Re: New issue: scripting and metadata

At 03:55 PM 10/26/2005 +0100, Jeremy Carroll wrote:
>In HTML it is normal for any ECMAscript to modify the DOM. What is displayed is the modified DOM rather than the original DOM.
>
>For RDF/A, the reading of the metadata from the unmodified DOM perhaps should be primary. e.g. a naive RDF based implementation of RDF/A would ignore everything except the RDF/A and suck out the triples. This would not work if the metadata was in fact computed by the ECMAscript and then added to the DOM using RDF/A.

yes, good catch.

It would be untenable to require RDF engines to implement
scripting languages in order to retrieve the triples from an
X{,HT}ML document.  (1)

We also don't want to open a new form of mischievous behavior
where one RDF graph is given by the unprocessed content of a
document and a different RDF graph is given after script
processing.  (Which CC license is the documents real license?).

I believe we need to specify that the triples are those that are
given by the XML _before_ script (and stylesheet) processing.

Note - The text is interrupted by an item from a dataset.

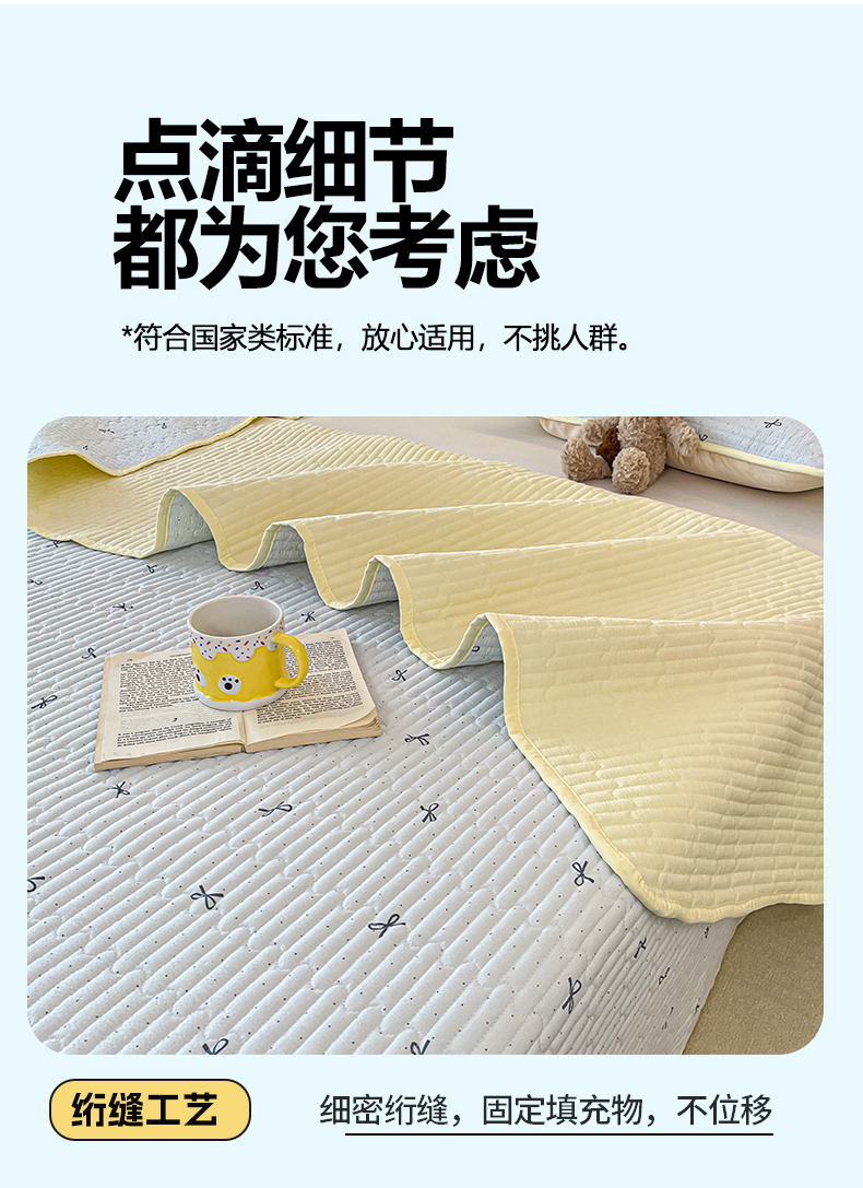 (总)老帅的工厂店 2025新款夹棉纯色防水床垫,净白,浅灰,深灰,雾蓝,虾粉,杏色,本色,灰蓝

(1) A requirement to support, e.g. ECMAscript is distinguished
from the scenario proposed by GRDDL [2] where support of
transformation languages is optional.  In the GRDDL case,
since a transform is named unambiguously by a URI, a
[RDF/GRDDL] processor can implement well-known transforms
in whatever way it chooses; it need not actually dereference the
transform URI unless it wishes to do so.